There are characteristics of the present study's sample that may have further influenced the findings. This sample is composed of an “older” sample of older adults (70 to 100 years old), who may be at greater risk of health problems and less likely to engage in physical activity than “younger” older adults (Kaplan et al., 1991; Newsom, Kaplan, Huguet, & McFarland, 2004). Nonetheless, low rates of physical activity are common among older adults across the United States (Eyler, Brownson, Bacak, & Housemann, 2003; United States Department of Health and Human Services, 1996), particularly Hispanics and other minority groups (Kruger, Ham, & Sanker, 2008, Marquez et al., 2004), including those of low SES (Yancey et al., 2005). As such, the study's findings are most likely to reflect the reality of many present-day, disadvantaged older adults.

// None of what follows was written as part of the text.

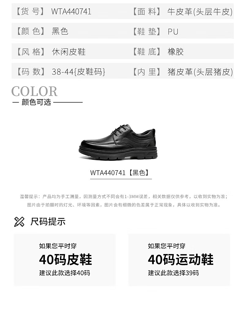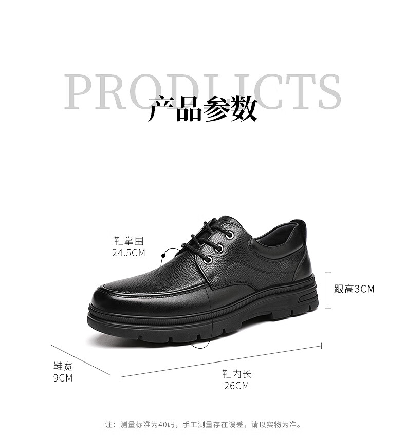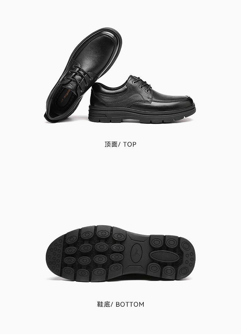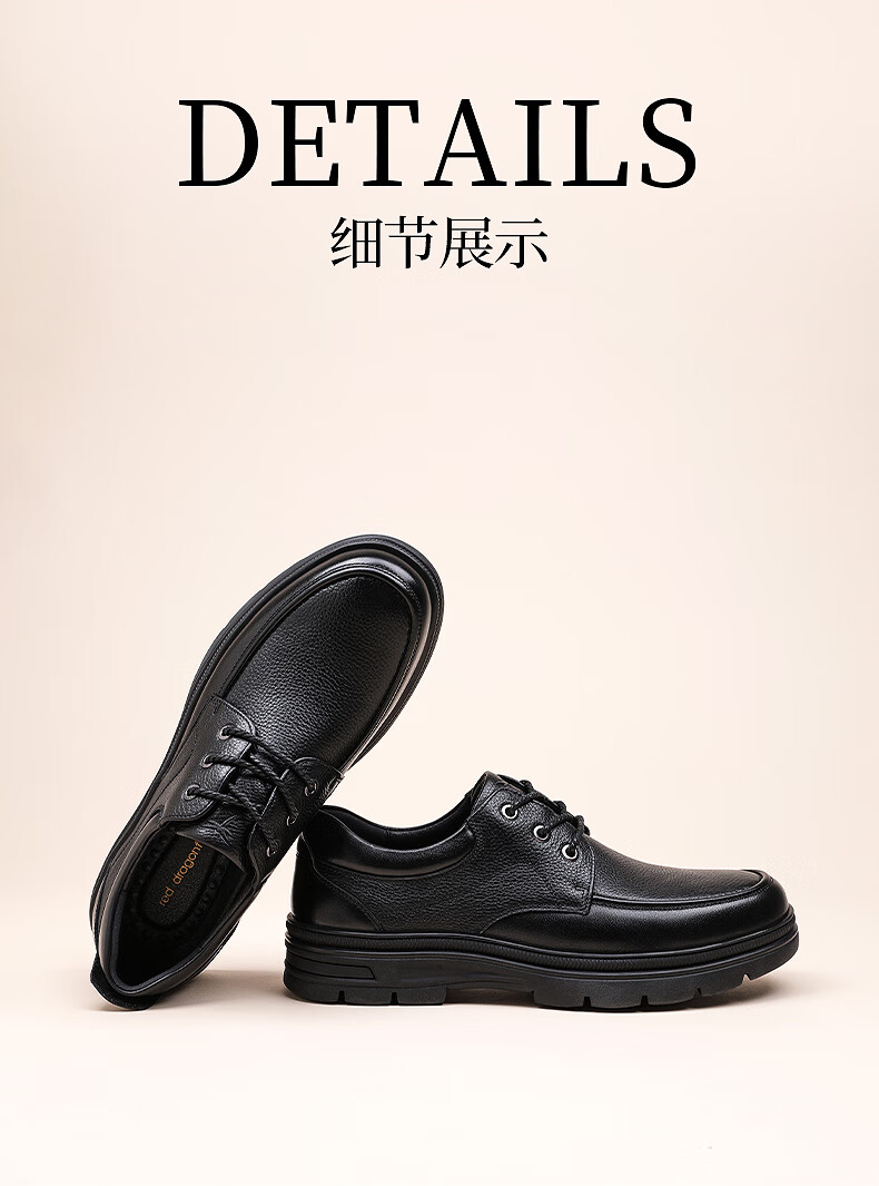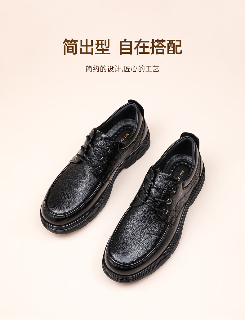 红蜻蜓牛皮男鞋系带皮鞋男爸爸鞋舒适厚底商务休闲鞋男WTA440741黑色42

This study's findings add to the literature by establishing a connection between depressive symptoms, social support, and walking, and offering an additional explanation of how depressive symptoms might influence walking behavior among older adults. It is important to stress that these results do not suggest that family members and caregivers should limit or withhold social support from older adults. Instead, they suggest that as depressive symptoms increase, social support must be well targeted to the older adults' true needs. That is, instrumental assistance should be commensurate with, but not substantially exceed, the person's real physical need for assistance (e.g., Langer & Rodin, 1976; Lawton, 1985). Otherwise, there is a risk that this assistance might interfere with physical activity, reducing opportunities for older adults to experience the salutary benefits that walking and completing these tasks can provide. Indeed, the findings suggest that providing emotional and informational social support does not carry a risk of interfering with older adults' walking behavior. Although examining and replicating these findings in other samples and in longitudinal studies will be necessary, clinicians serving older adults with depressive symptoms may be well served to monitor the type and amount of support provided by others to ensure there are no unintended consequences on health behaviors. Given the challenges of successfully preventing and managing depression and physical inactivity among older adults (see Fiske et al., 2002; King et al., 1998), a better understanding of the mechanisms by which depressive symptoms and physical inactivity are related should lead to more targeted prevention interventions.

Acknowledgments

Funding: The authors disclosed receipt of the following financial support for the research, authorship, and/or publication of this article:

This work was supported by a National Institute of Mental Health/National Institute of Environmental Health Sciences Grant No. MH 63709 (J. Szapocznik, PI; A. Spokane, co-PI), by a National Institute on Aging Grant No. AG 027527 (J. Szapocznik, PI; S. Brown, co-PI), by a National Institute of Diabetes & Digestive & Kidney Diseases Grant No. DK 74687 (J. Szapocznik, PI), and by a Robert Wood Johnson Foundation Grant No. 037377.

Footnotes

Declaration of Conflicting Interests: The authors declared no potential conflicts of interest with respect to the research, authorship, and/or publication of this article.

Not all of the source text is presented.